Некоторые ученые считают, что музыка – это третья сигнальная система. Некоторые – что музыка существует объективно, независимо от нашего желания и понимания ее. Как математика, как главные законы мироздания. Кто-то понимает квантовую теорию, кто-то – даже не подозревает о ее существовании. Кто-то испытывает сильный трепет от определенного сочетания музыкальных интервалов, кто-то сам слышит эти сочетания и не может жить спокойно, пока не запишет то, что слышит, чтобы снова и снова самому проигрывать, петь, чтобы материализовать эти звуки…
– Спасибо, что вы приехали. Мне казалось… Весь мир рухнул, когда я узнала, что Петечка меня обманывал. Я и сейчас не знаю, как жить дальше…
– Подумайте о том, что он вполне доволен жизнью. И еще о том, что он так долго вас обманывал, потому что боялся расстроить.
– Откуда… откуда вы все это знаете? – Галина Ивановна недоверчиво посмотрела на меня.
Я улыбнулась.
– Знаю. Возьмите мой телефон и позвоните мне, когда Петя поступит в институт. И раньше можете звонить, если… если станет грустно.Галина Ивановна так легко мне поверила, потому что в хорошее поверить легко и приятно. Вот если бы так мне поверил Сутягин и пошел бы к врачу… Я сделала еще одну попытку позвонить ему. Услышав мой голос, он сразу же бросил трубку. А я увидела, как тот темный, неприятный сгусток, который растет у него в области солнечного сплетения, увеличился и уплотнился. Знать бы, чем это все закончится в результате, я, может, поступила бы по-другому… Но я не знала. И поэтому, когда Сутягин бросил трубку, написала ему письмо, благо теперь так легко переписываться с помощью мобильной связи.

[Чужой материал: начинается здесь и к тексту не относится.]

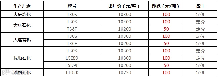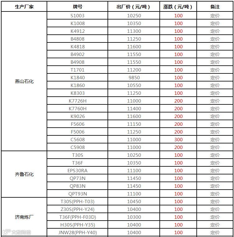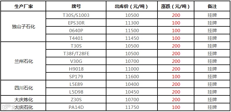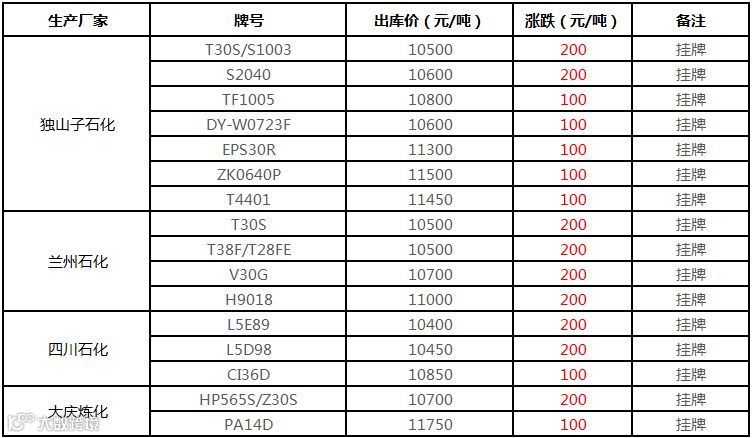 中油西南PP挂牌价格上调100-200元/吨!!!

«Алеша, ты можешь мне не верить, но, пожалуйста, сходи к врачу. Пусть тебе скажут, что у тебя все в порядке. Я с некоторых пор стала чувствовать, что происходит с другими людьми, сама не знаю, как это объяснить. Но я чувствую, что тебе необходимо обследоваться, пока не поздно. Я абсолютно ничего от тебя не хочу, у меня давно другая жизнь».
Я перечитала письмо. Подумав, убрала слова про «другую жизнь». Какая ему разница, что за жизнь у меня теперь. Я отправила письмо, щелкнув клавишей мобильного телефона. Через пару секунд или чуть больше он его получит. И возможно, все же сходит к врачу. Алеша всегда очень заботился о своем здоровье.

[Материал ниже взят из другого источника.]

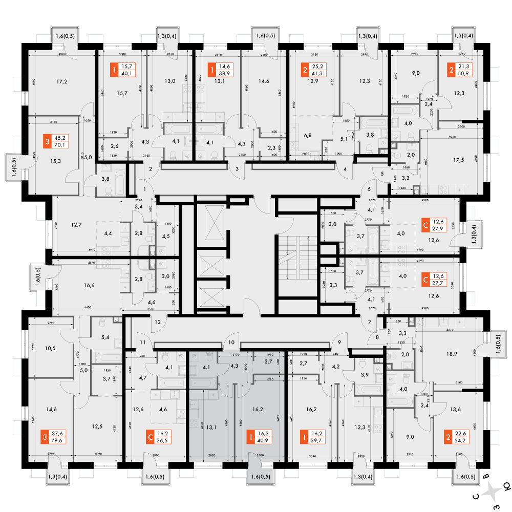 16 м²

Зачем это надо было мне? Трудно сказать. Просто по-другому я поступить не могла.
В ту ночь мне опять приснился папа и повез меня кататься на лодке. Вода была еще очень холодная, в реке даже плавали куски льда, большие, неровные, шероховатые. Папа ничего не говорил, очень энергично греб, как будто вез меня куда-то. А потом пропал из лодки, вместе с веслами. И я осталась одна, посреди темной реки с крупными льдинами, разламывающимися у меня на глазах, бесшумно и неотвратимо.Глава 17
Людмила Тимофеевна Величко, известная под ярким сценическим псевдонимом Герда, всегда казалась мне столь же мало похожей на хрупкую и самоотверженную Герду, как и на служительницу довольного изящного искусства, коим, как-никак, является пение. Хотя, конечно, смотря как петь. Ее низкий, хрипловатый и не очень сильный голос, крупный торс, который она любит максимально открывать, несмотря на очень и очень зрелые годы, и, главное, жесткий, властный взгляд никак раньше не вязались у меня с образом популярной певицы, пусть и легкого жанра. Но Герда продержалась на сцене слишком много лет, выдержала все смены власти и в стране, и на телевидении и, наверно, заслужила право быть такой, какая она есть.